Favieiro Gabriela W, Balbinot Alexandre
Department of Electrical Engineering, Laboratory IEE – PPGEE, Federal University of Rio Grande do Sul, Av Osvaldo Aranha, 103 – 206, 90035190 PortoAlegre, RS, Brazil.
Annu Int Conf IEEE Eng Med Biol Soc. 2011;2011:7888-91. doi: 10.1109/IEMBS.2011.6091945.

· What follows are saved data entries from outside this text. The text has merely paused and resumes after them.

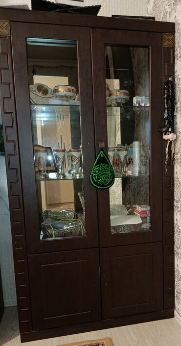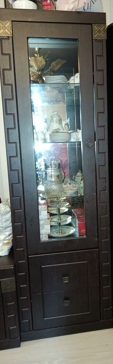 Qonaq otağı üçün mebel dəsti - Material: tünd qəhvəyi rəngdə MDF/laminat karkas, dekorativ künc elementləri, şüşə vitrin qapıları. - Komplekt tərkibi: 1) İkiqapılı iri vitrin şkaf – yuxarı hissə...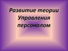 Развитие теории Управления персоналом План 1 Развитие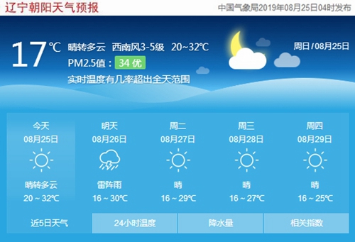 今天是2019年8月25日,星期日,農(nóng)歷七月二十五。遼寧朝陽晴轉多云,氣溫20~32℃,西南風3~5級,空氣質量優(yōu)。日出時間:05:15;日落時間:18:45。(數(shù)據(jù)來源于中國氣象局2019年08月25日04時發(fā)布,請隨時關注天氣變化。)
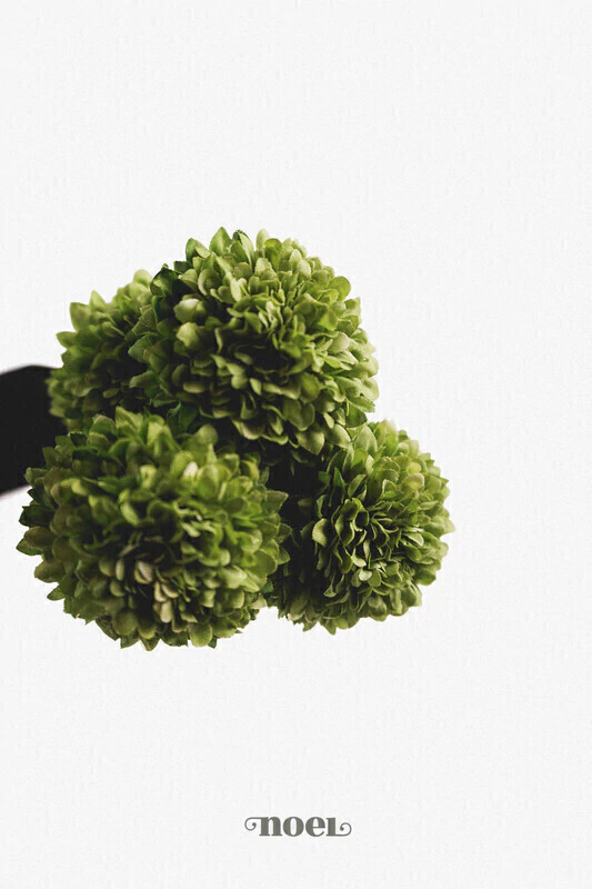 Descrição geral: flor verde com galhos aveludados verde , acabamento fosco , o buquê tem aproximadamente 6 flores com 7cm de diâmetro cada

The myoelectric signal is a sign of control of the human body that contains the information of the user's intent to contract a muscle and, therefore, make a move. Studies shows that the Amputees are able to generate standardized myoelectric signals repeatedly before of the intention to perform a certain movement. This paper presents a study that investigates the use of forearm surface electromyography (sEMG) signals for classification of five distinguish movements of the arm using just three pairs of surface electrodes located in strategic places. The classification is done by an adaptive neuro-fuzzy inference system (ANFIS) to process signal features to recognize performed movements. The average accuracy reached for the classification of five motion classes was 86-98% for three subjects.
肌电信号是人体控制的一种信号,它包含了使用者收缩肌肉从而做出动作的意图信息。研究表明,截肢者在有执行特定动作的意图之前,能够反复产生标准化的肌电信号。本文提出了一项研究,该研究调查了仅使用位于特定位置的三对表面电极,利用前臂表面肌电图(sEMG)信号对手臂的五种不同动作进行分类。分类是通过自适应神经模糊推理系统(ANFIS)来处理信号特征以识别所执行的动作。对于三名受试者,五个动作类别的分类平均准确率达到了86%-98%。